Karakteristik gangguan pendengaran
-Itu terjadi ketika sebagian atau seluruh kemampuan untuk mendengarkan hilang. Istilah lain yang digunakan untuk merujuk pada gangguan pendengaran adalah tuli atau kesulitan mendengar.
- Gangguan pendengaran diklasifikasikan berdasarkan tingkat keparahan dan jenis gangguan pendengaran. Gravitasi dikategorikan berdasarkan suara minimum yang dapat didengar dengan lebih baik. Semakin tinggi desibel (dB), semakin keras suaranya.
- Gangguan pendengaran lebih dari 90 desibel umumnya dianggap tuli. Gangguan pendengaran kurang dari 90 desibel diklasifikasikan sebagai gangguan pendengaran.
-Ada hambatan komunikasi dan pendidikan yang berkaitan dengan gangguan pendengaran yang muncul di sekitar komunikasi. Seorang siswa tunarungu mungkin mengalami kesulitan dalam: tata bahasa, ejaan dan kosa kata, membuat catatan, berpartisipasi dalam diskusi, menonton video atau menyajikan laporan lisan.
-Penting agar orang tua dan guru dari anak tunarungu tidak meremehkan kecerdasan mereka. Kebanyakan anak dengan disabilitas ini memperoleh dan mengembangkan bahasa lebih lambat dan oleh karena itu dapat diasumsikan secara keliru bahwa kecerdasannya rendah.
-Meskipun indera pendengarannya telah terpengaruh, orang tersebut dapat menjalani kehidupan normal.
Jenis
Mengklasifikasikan gangguan pendengaran sangatlah kompleks, karena sulit untuk mencakup semua ujung dari masalah yang kompleks dalam satu klasifikasi. Dengan demikian, berbagai jenis gangguan pendengaran dapat dibedakan menurut karakteristiknya, tidak harus saling eksklusif.

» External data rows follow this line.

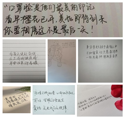 近日,beat365中文官方网站向日葵心理健康服务团举办“三行情书致敬抗疫英雄”作品征集展。活动期间广泛宣传,积极动员,踊跃投稿,为战“疫”贡献着自己的一份力量。本次征集共收到四十多份作品,活动中以凝练精致的三行话语向那些在与疫情抗争的英雄们表达自己的感谢、关心、鼓励与期盼。情书虽简但意味深长,包含了同学们丝丝入扣的真挚情感,让奋战一线的白衣天使、任劳任怨的执法警察以及与病魔对抗的勇敢患者们感受到我们的爱意、信心与希望,同他们一起披荆斩棘,共赴春光。充分展现信工学子面对时代挑战,勇担时代责任。
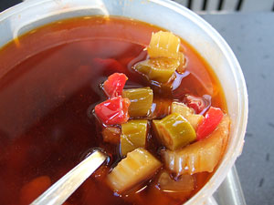 Max's beef is somewhat underwhelming, though it has a couple of nice touches. The juice's character is warm and mellow, if a little timid, and atop every table sits a large tub of the house giardiniera, which is a bold and tasty one. It's very tart, not nearly as spicy as you'd expect given the color, it's chock full of tasty vegetables, and it's abundant. The deep red-orange oil contains chunks of pickled peppers, celery, carrots, red bell peppers and even the occasional olive. But these high points weren't enough to save a beef that had some problems. The sweet peppers were largely symbolic and not very flavorful, a couple small chunks of yellow and two small strips of green. But most troubling was the beef itself, which was overcooked, dry and fairly tough. While I wouldn't call it offensive, there wasn't anything fresh about it. The late lunch hour may have been partially responsible, but the beef should never be allowed to sit in the juice too long before serving, and I suspect mine was. It's too bad... I felt like there was a better beef trapped in there.
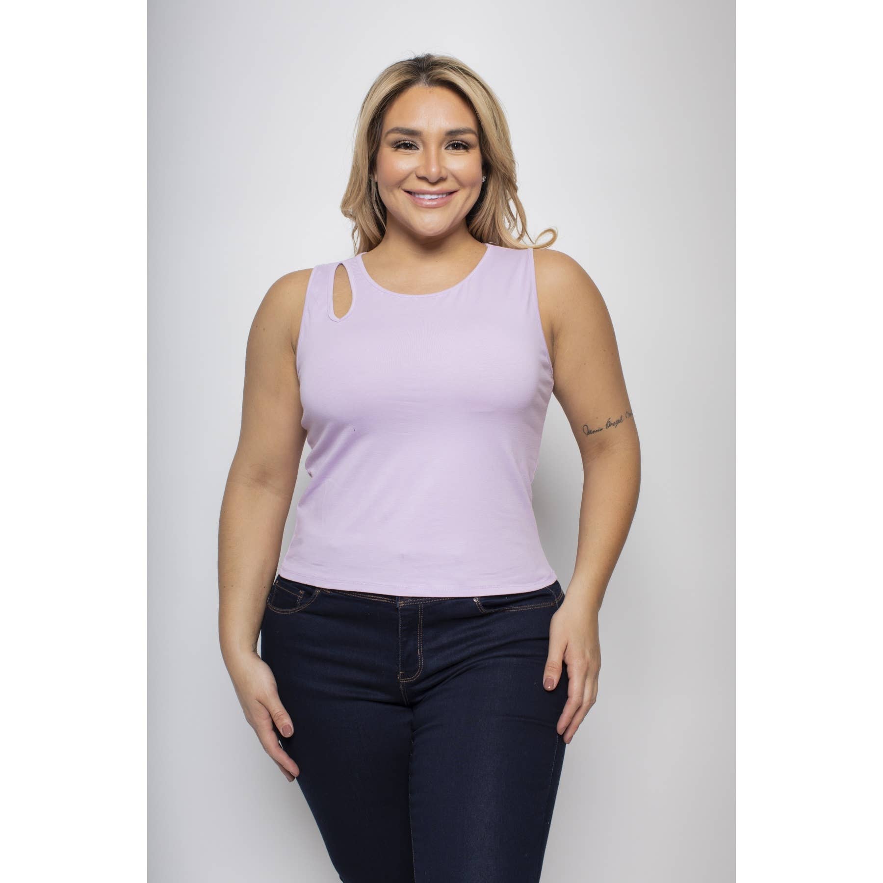 PLUS SIZE CUT OUT SHOULDER TANK TOP. 92% COTTON, 8% SPANDEX.

Menurut momen kemunculannya
Bawaan
Orang tersebut terlahir dengan kecacatan, baik karena malformasi struktur yang membentuk telinga atau karena fungsi abnormal pada tingkat seluler dan bahkan molekuler.
Pada titik ini, penting untuk dicatat bahwa tidak semua ketulian bawaan terdeteksi sejak dini; kenyataannya, mereka terbagi menjadi dua kelompok besar: gangguan pendengaran yang muncul antara lahir sampai usia 3 tahun, dan yang terjadi setelah usia 3 tahun.
Diakuisisi
Kecacatan berkembang sepanjang hidup karena banyak faktor yang dapat bersifat genetik, traumatis, toksik (obat-obatan dan obat-obatan), dan degeneratif (penuaan).

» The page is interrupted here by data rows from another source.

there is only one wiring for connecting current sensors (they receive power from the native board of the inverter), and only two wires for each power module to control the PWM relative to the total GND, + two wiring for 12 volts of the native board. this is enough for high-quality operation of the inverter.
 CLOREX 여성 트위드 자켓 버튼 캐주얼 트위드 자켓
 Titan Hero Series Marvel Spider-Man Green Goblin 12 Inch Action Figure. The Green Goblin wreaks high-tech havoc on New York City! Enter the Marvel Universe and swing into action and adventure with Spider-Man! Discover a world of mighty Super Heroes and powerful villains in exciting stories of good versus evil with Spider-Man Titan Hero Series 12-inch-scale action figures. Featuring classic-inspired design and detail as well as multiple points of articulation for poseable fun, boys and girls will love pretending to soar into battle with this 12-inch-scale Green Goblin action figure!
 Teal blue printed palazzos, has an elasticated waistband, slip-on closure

Dalam beberapa kasus gangguan pendengaran yang didapat, dua faktor berbeda dapat ditambahkan sepanjang hidup, yang ditingkatkan dengan meningkatkan keparahan situasi.
Misalnya, seseorang mengalami trauma akustik selama masa muda, menyebabkan gangguan pendengaran, sementara mempertahankan tingkat pendengaran tertentu.
Di kemudian hari, ia menerima pengobatan jangka panjang dengan obat ototoksik (seperti antibiotik tertentu dari kelompok aminoglikosida), yang selanjutnya dapat merusak telinga yang sudah sakit; dalam hal ini kedua penyebab ditambahkan.
Menurut tingkat keparahan
Gangguan pendengaran dipahami sebagai tingkat gangguan pendengaran yang mengganggu proses persepsi suara sedemikian rupa sehingga penggunaan alat bantu khusus diperlukan untuk mencapai pendengaran yang memadai (jika memungkinkan).
Dalam pengertian ini, menurut tingkat keparahannya, gangguan pendengaran dapat diklasifikasikan menjadi:
Cofosis
Ini juga dikenal sebagai tuli yang sangat berat. Orang tersebut tidak dapat merasakan jenis suara apa pun.
Ketulian
Suara di atas 75 dB diperlukan untuk mencapai pendengaran. Secara teknis orang tersebut tuli, tetapi tidak sangat tuli (seperti dalam kasus kofosis), karena dengan suara yang diperkuat oleh perangkat yang dirancang untuk tujuan ini, ia dapat mencapai pendengaran yang relatif dapat diterima.
Kehilangan pendengaran
Suara di bawah 75 dB dapat terdengar tetapi tidak dalam jangkauan penuh pendengaran normal.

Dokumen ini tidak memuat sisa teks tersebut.